Try it
Look through the data below and output, unchanged, every line from the one holding "Universal Black Series" through the one holding "9月29日,全国足踝专家在b", inclusive. Skip the pictures.

----

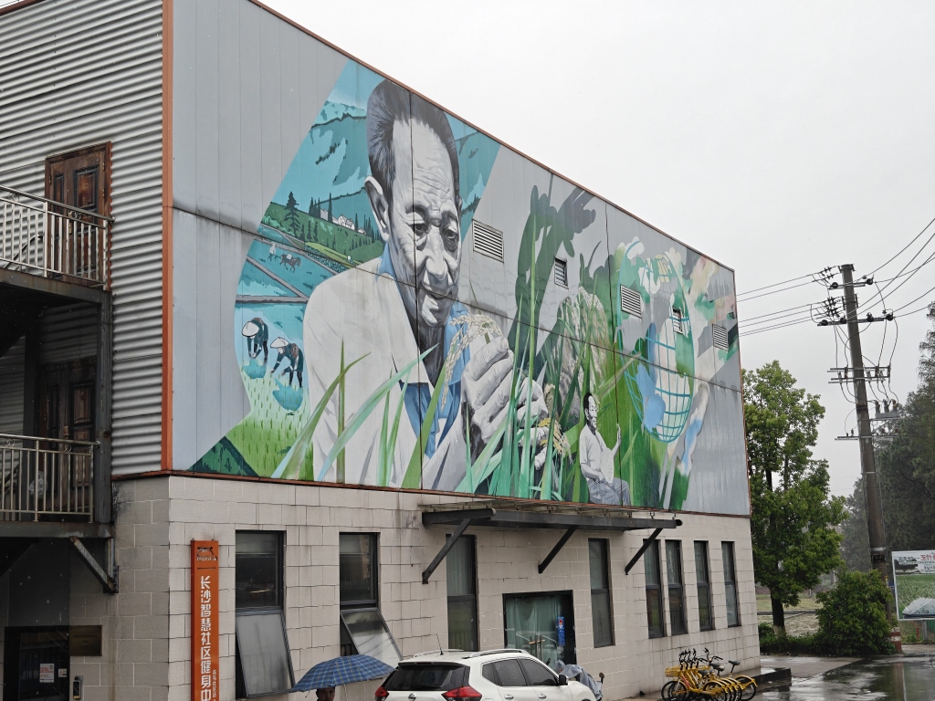 试验田对面的建筑墙面上,是一幅袁隆平查看稻穗的图画。
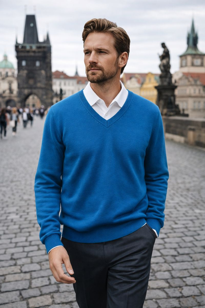 Adam pulovr s výstřihem do V ztělesňuje rafinované pohodlí pro muže, který si cení nenápadné elegance. Nabízí měkké, lehké teplo, které se cítí přirozeně a vypadá bez námahy distingovaně. Od chladných ranních hodin po uvolněné večery. Je to kousek, po kterém sáhnete instinktivně, sezónu za sezónou.
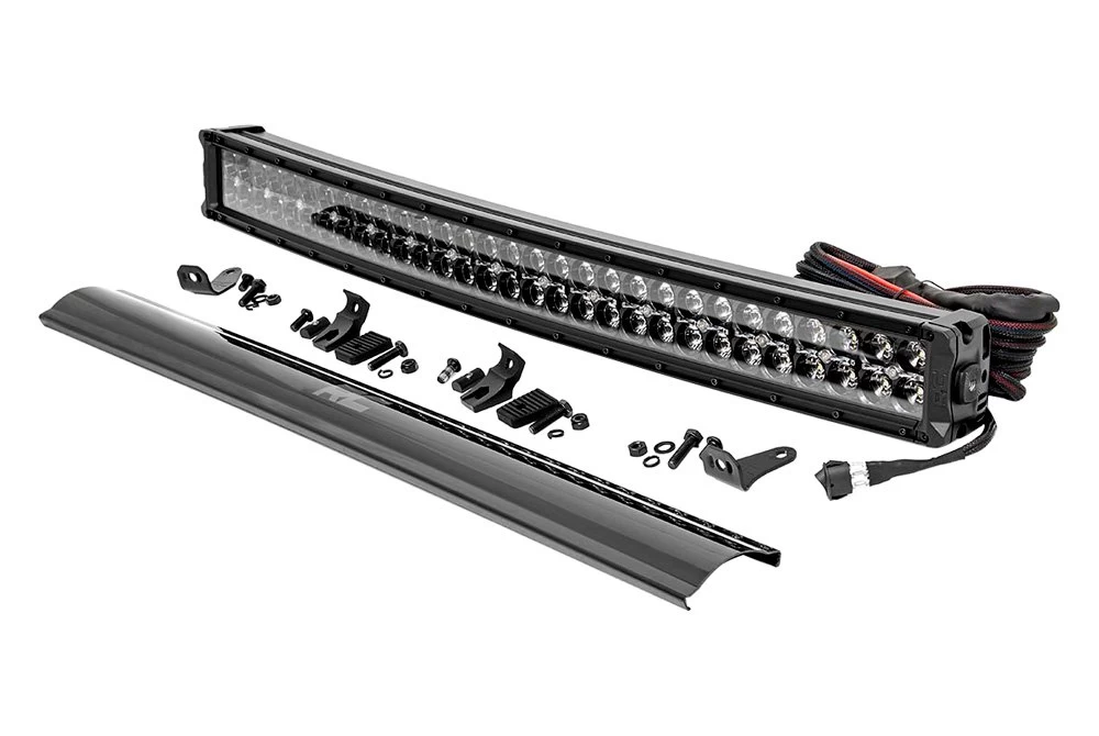 Universal Black Series Curved Dual Row Combo Spot/Flood Beam LED Light Bar by Rough Country®. 1 Piece. Black housing. Die-Cast Aluminum. Command the Dark: Stay out later on the trails with Rough Country’s 30″ Dual Row CREE LED Light Bar. With a powerful 27,000 Lumens and 300 Watt output, this LED light is a sight to behold.
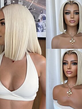 Cabelo humano remy 13x4 Lace Front 4x4 Lace Front Peruca Prumo Bob curto Parte lateral Cabelo Brasileiro Liso Loiro Peruca 130% 150% 180% Densidade do Cabelo com o cabelo do bebê Riscas Naturais Sem
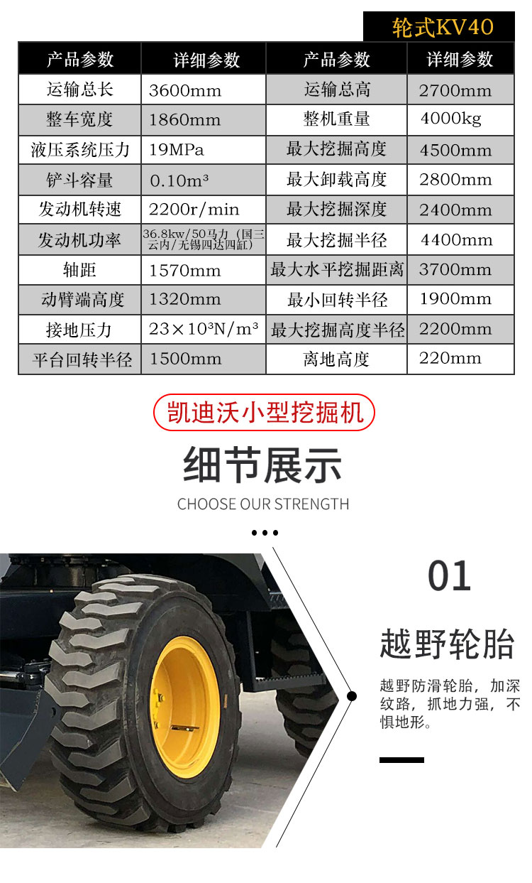 整機重量:4000kg運輸總長:3600mm發動機功率:36.8kw
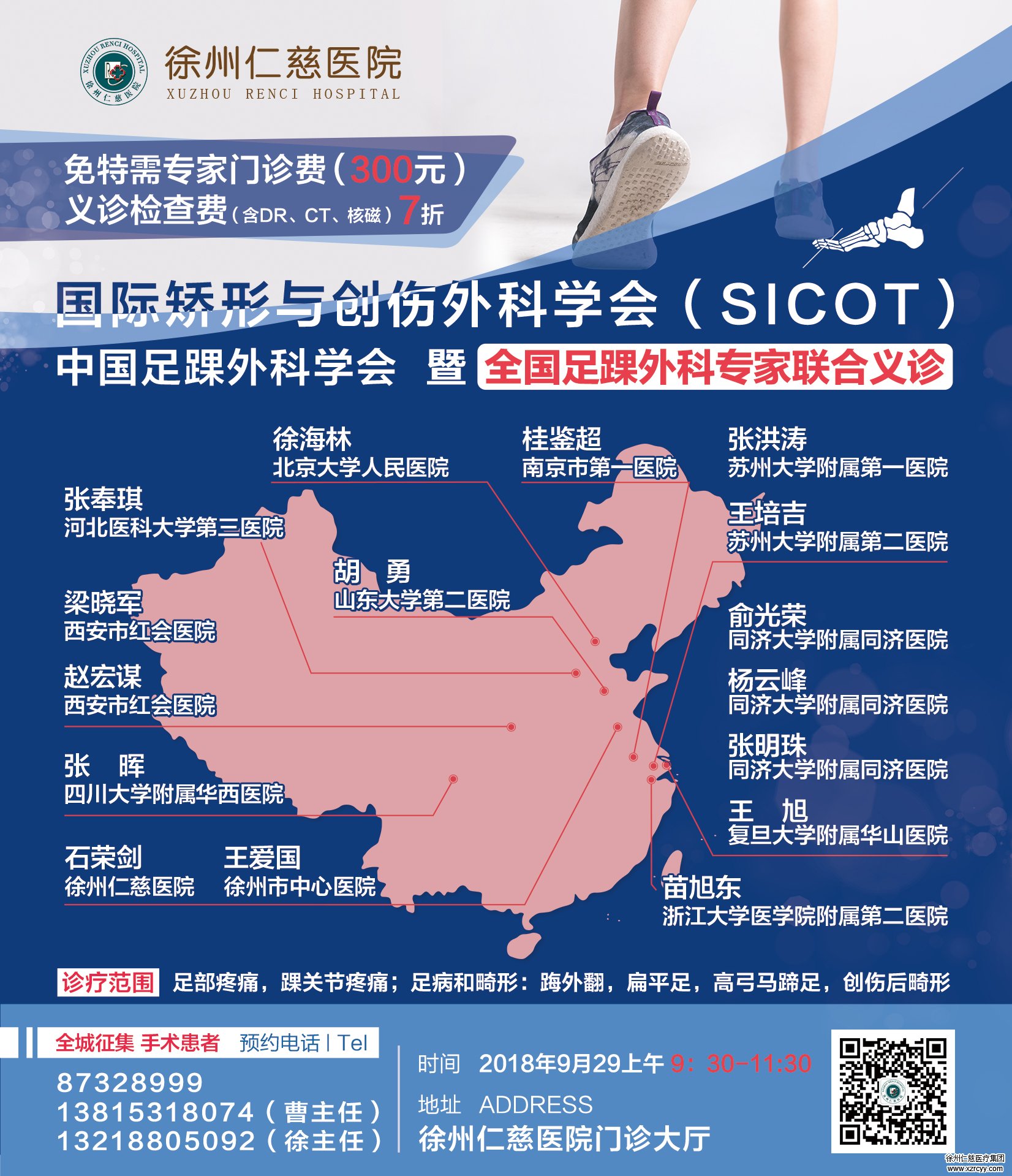 9月29日,全国足踝专家在betway在线登陆义诊,足病、踝关节疼痛、足病和畸形、踇外翻、扁平足、创伤后畸形患者都可前来就诊,免除300元特需专家门诊费,DR、CT、核磁检查费7折。
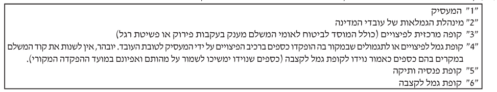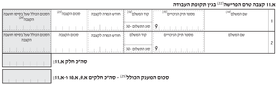 - כל כספי הפיצויים שעומדים לרשות העובד בסעיף א.9 הופקדו בקופה לקצבה כלומר אין כספים בקוד 4 או השלמת כספים על ידי קופה מרכזית או על ידי המעסיק.
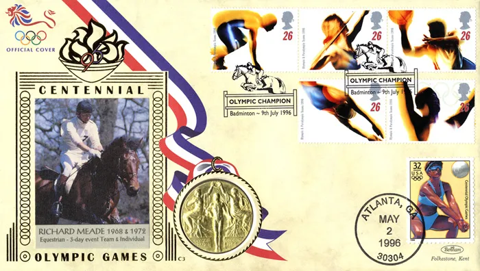 The above Royal Mail Olympic Games 1996 were issued on 09 July 1996 by Royal Mail and feature the following stamp designs: 26p Athlete; 26p Javelin; 26p Basketball; 26p Swimming; 26p Athlete and Olympic Rings. The Richard Meade first day cover with the Badminton, Show Jumper, Special Handstamp postmark has been produced by Benham and features these stamps which can make a very collectible and lovely gift.
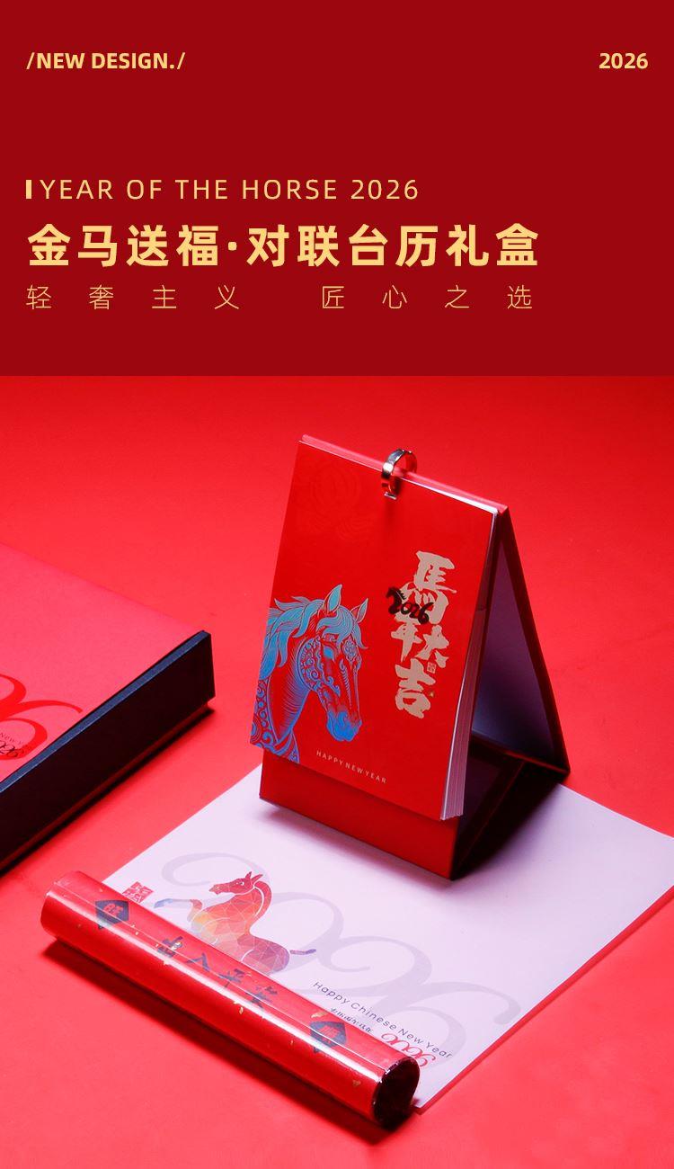 青锦2026【金马送福】马到成功台历对联门神文创礼盒
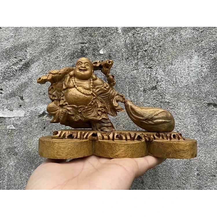 Tượng phật Di Lặc gỗ trầm hương sánh chìm tự nhiên cầu may mắn, sức khoẻ và tài lộc để bàn thờ thần tài, bàn làm việc và taplo xe ô tô
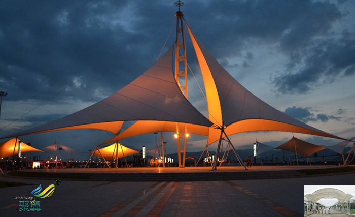 1、景觀膜結構能夠覆蓋大跨度空間,因為重量輕,膜結構中利用的薄膜材料,每平方米重量只要一公斤。加上鋼索,鋼結構高強度材料的采取,使膜結構跨度大空間,構成開放的無柱大跨度結構體系

----

Result for this task
 Universal Black Series Curved Dual Row Combo Spot/Flood Beam LED Light Bar by Rough Country®. 1 Piece. Black housing. Die-Cast Aluminum. Command the Dark: Stay out later on the trails with Rough Country’s 30″ Dual Row CREE LED Light Bar. With a powerful 27,000 Lumens and 300 Watt output, this LED light is a sight to behold.
 Cabelo humano remy 13x4 Lace Front 4x4 Lace Front Peruca Prumo Bob curto Parte lateral Cabelo Brasileiro Liso Loiro Peruca 130% 150% 180% Densidade do Cabelo com o cabelo do bebê Riscas Naturais Sem
 整機重量:4000kg運輸總長:3600mm發動機功率:36.8kw
 9月29日,全国足踝专家在betway在线登陆义诊,足病、踝关节疼痛、足病和畸形、踇外翻、扁平足、创伤后畸形患者都可前来就诊,免除300元特需专家门诊费,DR、CT、核磁检查费7折。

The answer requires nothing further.